START Provided data

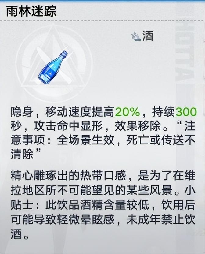 在灰域中是不能组队的,只能单人探索,有人说战力太低了不敢去又很想去看看,这里给大家分享一个好东西——雨林迷踪。使用这款酒类道具后能有隐身效果,同时能够提高20%的速度,有了它我们的灰域探索过程将会更加安全高效。
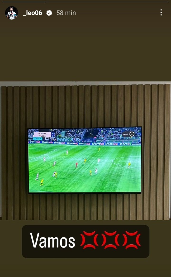 Suspenso, Léo assiste a Palmeiras x Vasco pela TV e posta foto; veja
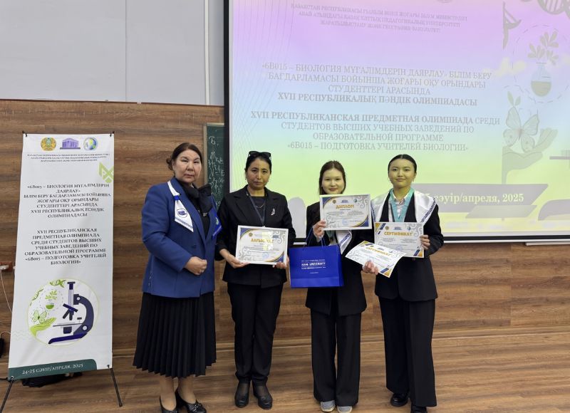 2025 жылғы 24-25 сәуірде «6В015-Биология мұғалімдерін даярлау» білім беру бағдарламалары тобы бойынша Қазақстан Республикасы жоғары оқу орындарының студенттері арасындағы XVII Республикалық студенттік пәндік олимпиада Абай атындағы ҚазҰПУ Жаратылыстану және география факультеті биология кафедрасының ұйымдастырумен өткізілді.

END Provided data

▶ **What you should do**
Write the listing out in full, exactly; no images.

▶ **Final answer**
 在灰域中是不能组队的,只能单人探索,有人说战力太低了不敢去又很想去看看,这里给大家分享一个好东西——雨林迷踪。使用这款酒类道具后能有隐身效果,同时能够提高20%的速度,有了它我们的灰域探索过程将会更加安全高效。
 Suspenso, Léo assiste a Palmeiras x Vasco pela TV e posta foto; veja
 2025 жылғы 24-25 сәуірде «6В015-Биология мұғалімдерін даярлау» білім беру бағдарламалары тобы бойынша Қазақстан Республикасы жоғары оқу орындарының студенттері арасындағы XVII Республикалық студенттік пәндік олимпиада Абай атындағы ҚазҰПУ Жаратылыстану және география факультеті биология кафедрасының ұйымдастырумен өткізілді.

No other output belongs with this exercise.